INPUT DATA -
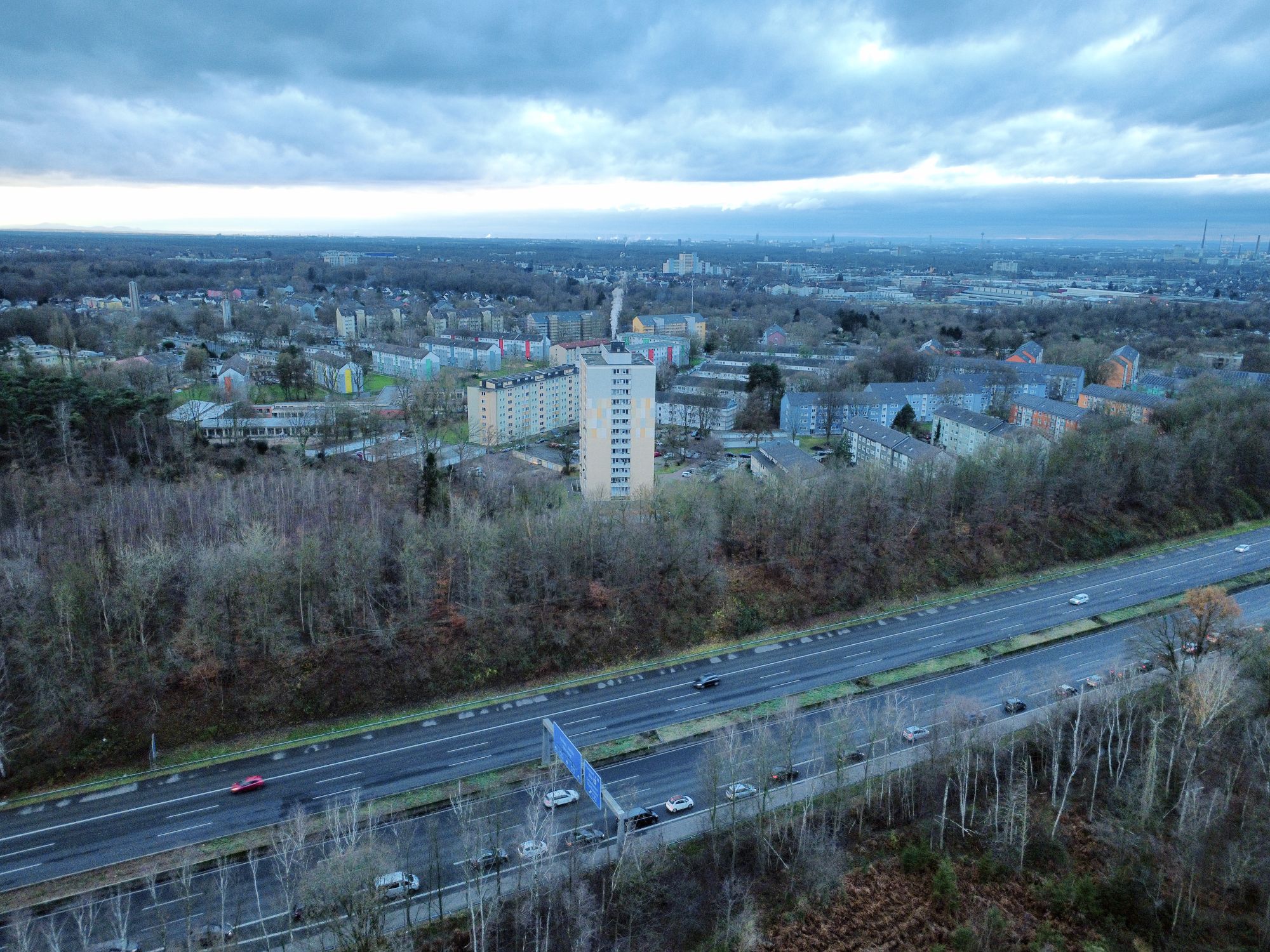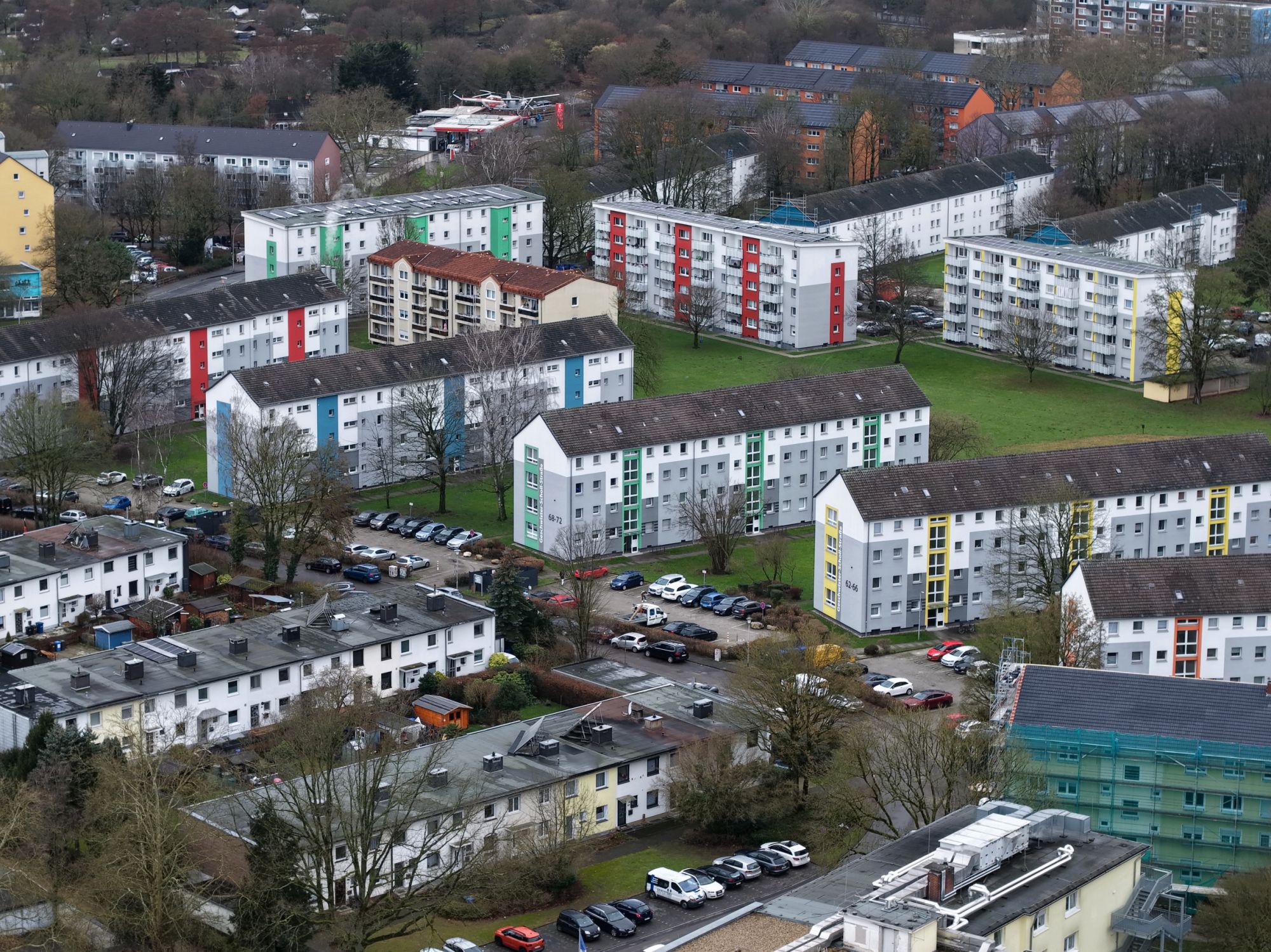 Drohnenfoto in Richtung Schollstr. 78 am 26-01-2025. Die Wohnblöcke haben eine zweite Renovierungsphase durchlaufen.
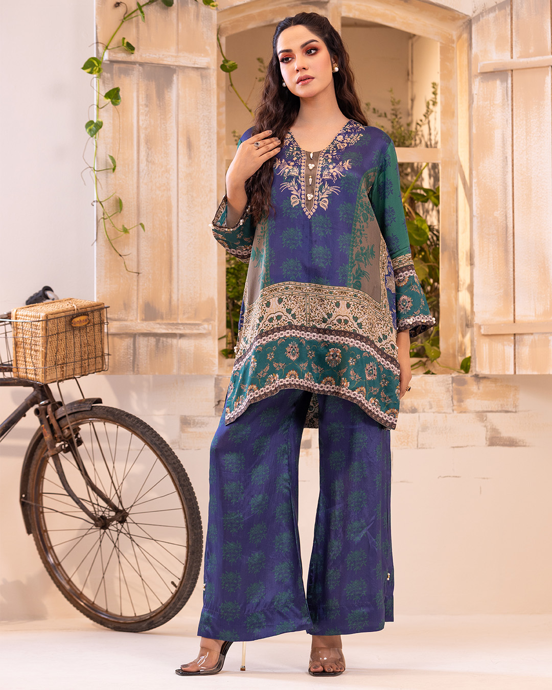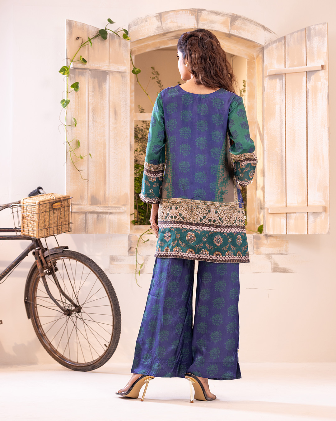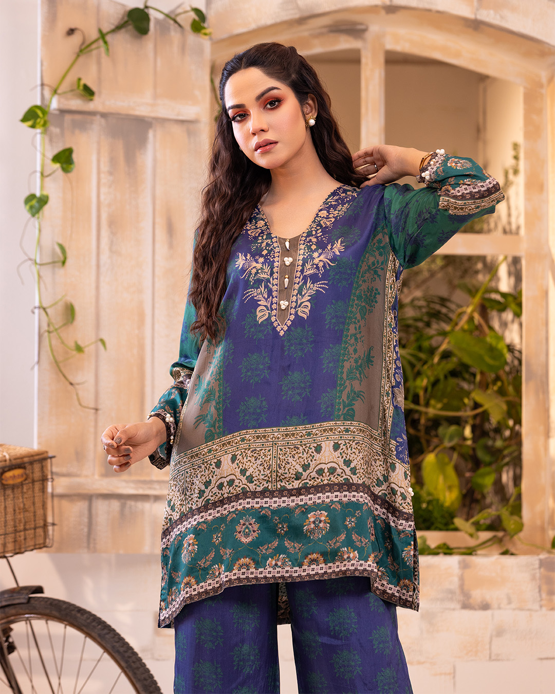 Emerald green meets deep blue, woven into fluid silk with timeless Turkish prints.
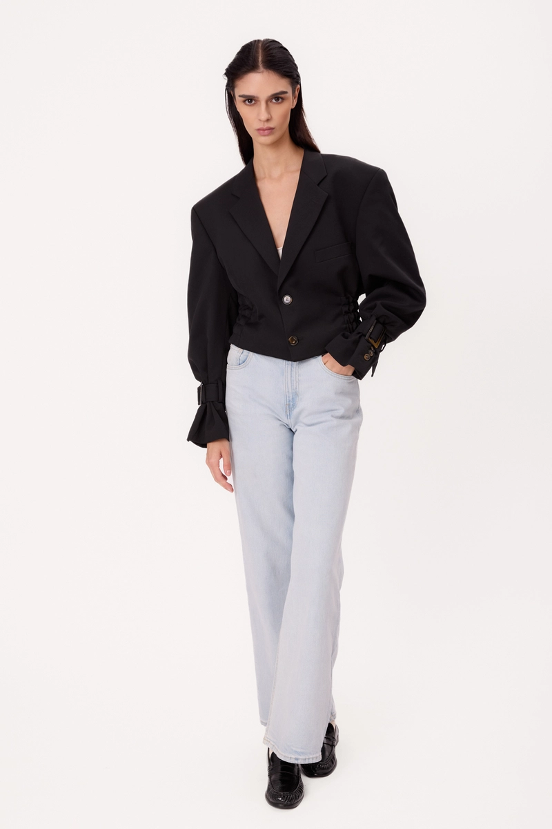 BLACK SMOOTH FITTED REGULAR JACKET WITH BUCKLES MODEL No5
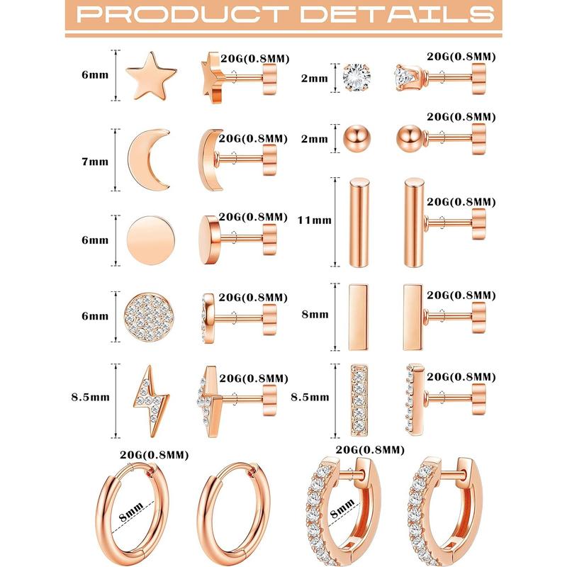 FASACCO 12Pairs Flat Back Earrings for Women Men Plated Stainless Steel Flatback Stud Small Huggie Hoop Earrings 20G Tiny Stud Earring Jewelry CharmsFASACCO 12Pairs Flat Back Earrings for Women Men Plated Stainless Steel Flatback Stud Small Huggie Hoop Earrings 20G Tiny Stud Earring Jewelry Charms
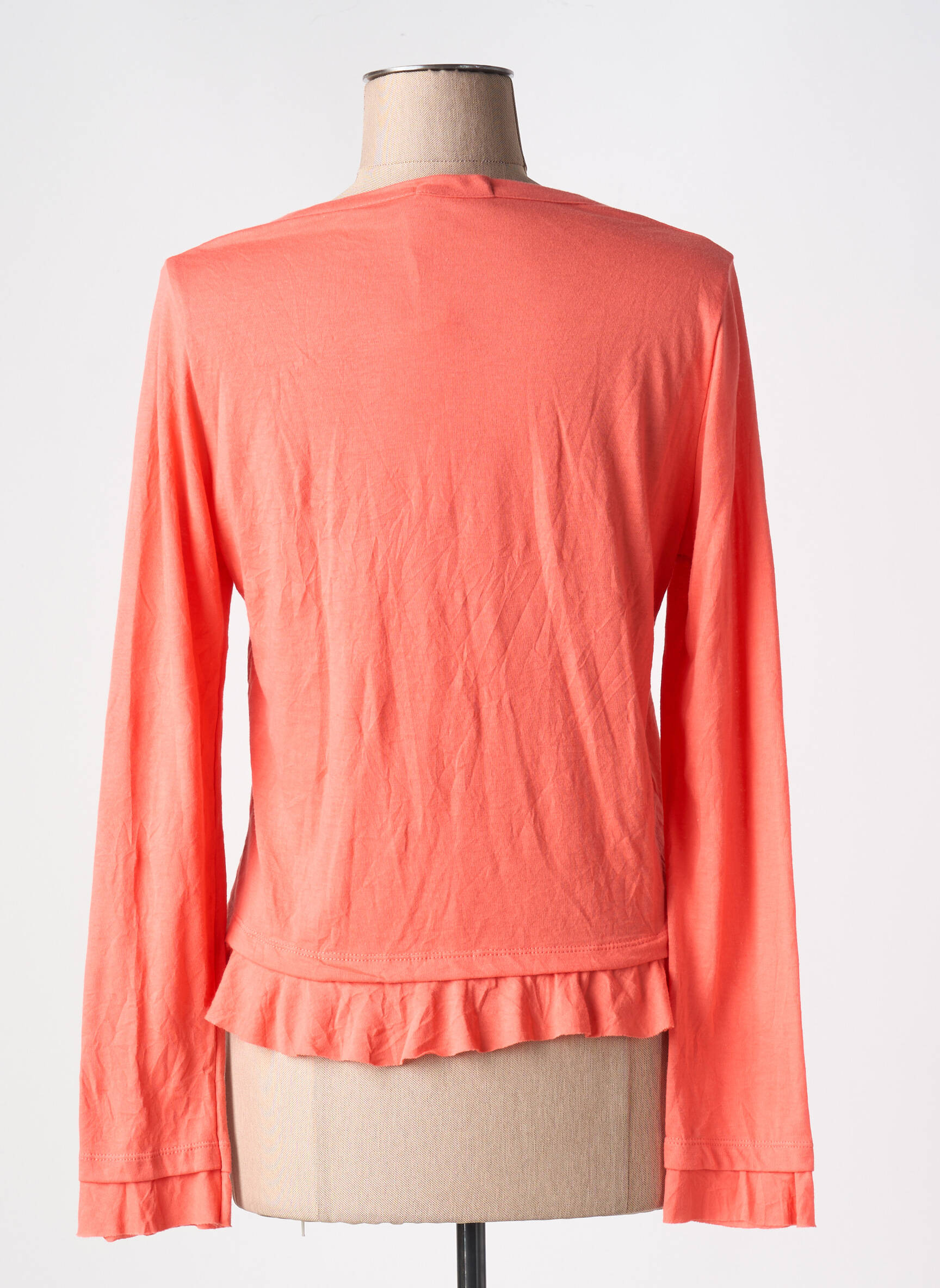 Profitez d'une belle occasion à petit prix avec ce gilet manches longues signé MALOKA, parfait pour apporter une touche de fraîcheur et de féminité à votre garde-robe grâce à sa teinte corail lumineuse et ses jolis détails de volants à la base, rehaussés de petits nœuds délicats. Son design boutonné et sa coupe légèrement ajustée en font un allié idéal pour toutes vos tenues du quotidien, tout en faisant rimer style et économies.
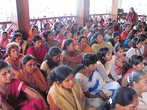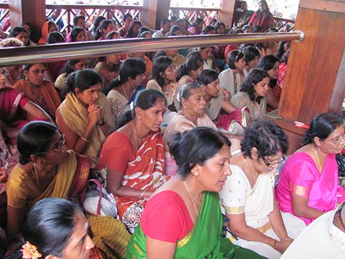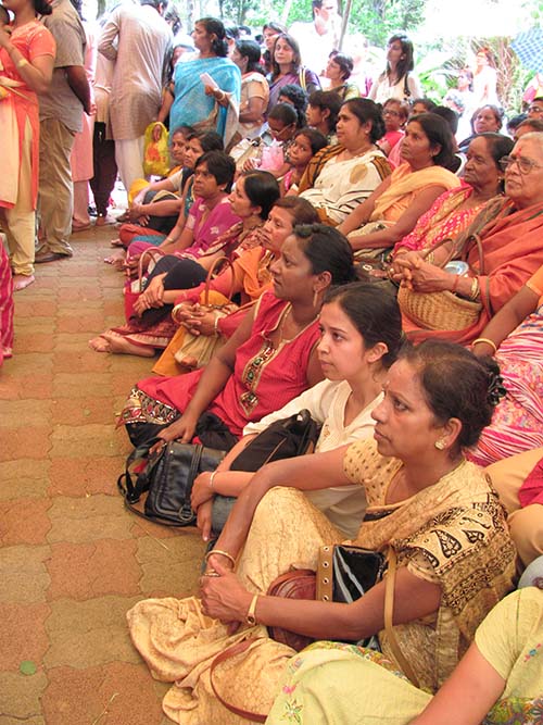 Devotees inside the Mandapam devoutly chanting the Ganesha mantra.
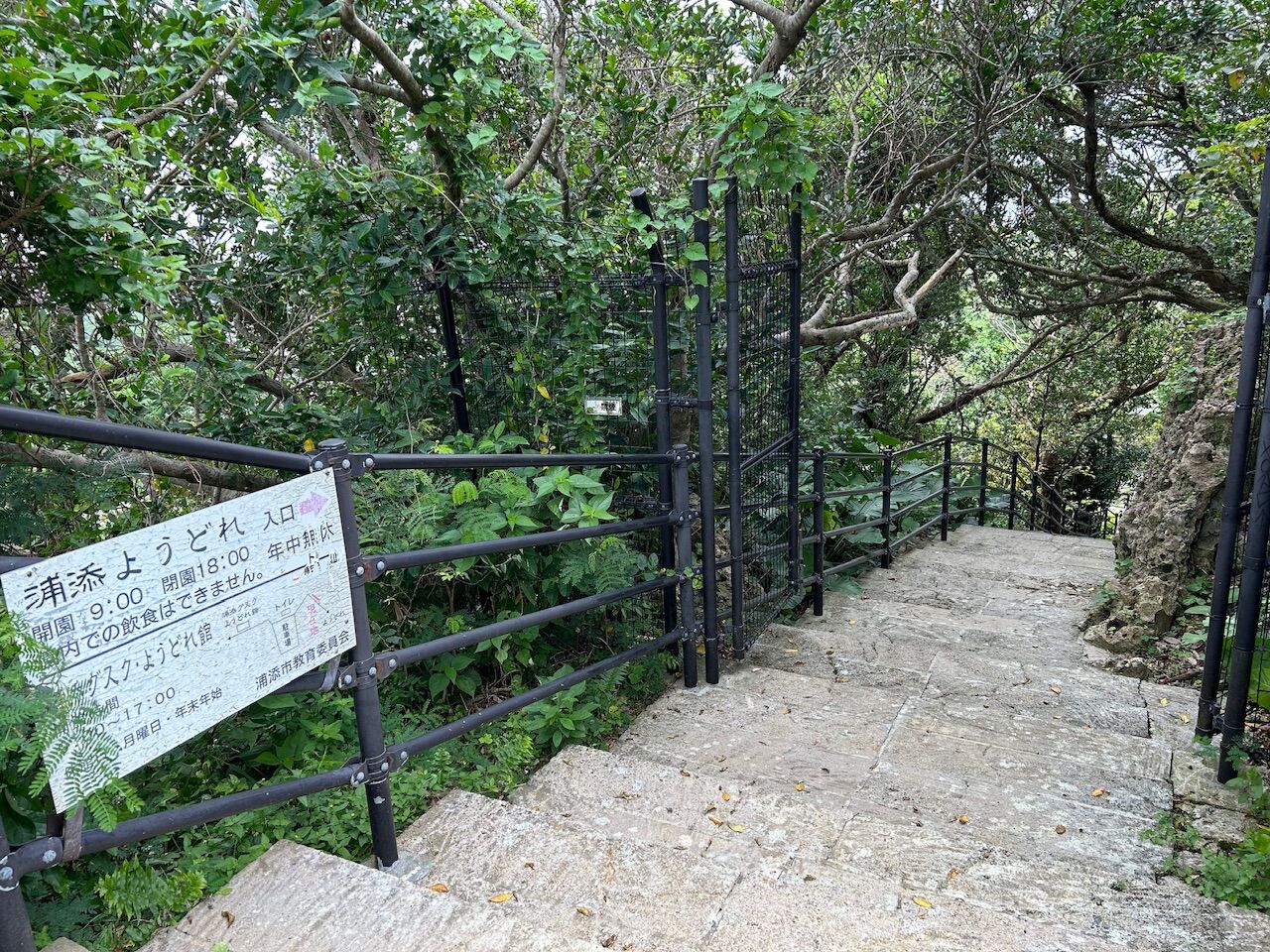 ゆいレールの「首里」から乗って7分、「浦添前田」駅で降り、やはり7分程度歩いて「浦添大公園南エントランス展示室」に着いた。無人だが、地図やパンフレットが置いてある。それによると、浦添大公園は、歴史学習ゾーンと憩いの広場ゾーンに分かれる大きな公園で、私が今日目指すのは、歴史ゾーンにある浦添グスクと浦添ようどれ。

PROBLEM TO WORK ON -
Retype all of the entries exactly as written, leaving out any images.

REPLY -
 Drohnenfoto in Richtung Schollstr. 78 am 26-01-2025. Die Wohnblöcke haben eine zweite Renovierungsphase durchlaufen.
 Emerald green meets deep blue, woven into fluid silk with timeless Turkish prints.
 BLACK SMOOTH FITTED REGULAR JACKET WITH BUCKLES MODEL No5
 FASACCO 12Pairs Flat Back Earrings for Women Men Plated Stainless Steel Flatback Stud Small Huggie Hoop Earrings 20G Tiny Stud Earring Jewelry CharmsFASACCO 12Pairs Flat Back Earrings for Women Men Plated Stainless Steel Flatback Stud Small Huggie Hoop Earrings 20G Tiny Stud Earring Jewelry Charms
 Profitez d'une belle occasion à petit prix avec ce gilet manches longues signé MALOKA, parfait pour apporter une touche de fraîcheur et de féminité à votre garde-robe grâce à sa teinte corail lumineuse et ses jolis détails de volants à la base, rehaussés de petits nœuds délicats. Son design boutonné et sa coupe légèrement ajustée en font un allié idéal pour toutes vos tenues du quotidien, tout en faisant rimer style et économies.
 Devotees inside the Mandapam devoutly chanting the Ganesha mantra.
 ゆいレールの「首里」から乗って7分、「浦添前田」駅で降り、やはり7分程度歩いて「浦添大公園南エントランス展示室」に着いた。無人だが、地図やパンフレットが置いてある。それによると、浦添大公園は、歴史学習ゾーンと憩いの広場ゾーンに分かれる大きな公園で、私が今日目指すのは、歴史ゾーンにある浦添グスクと浦添ようどれ。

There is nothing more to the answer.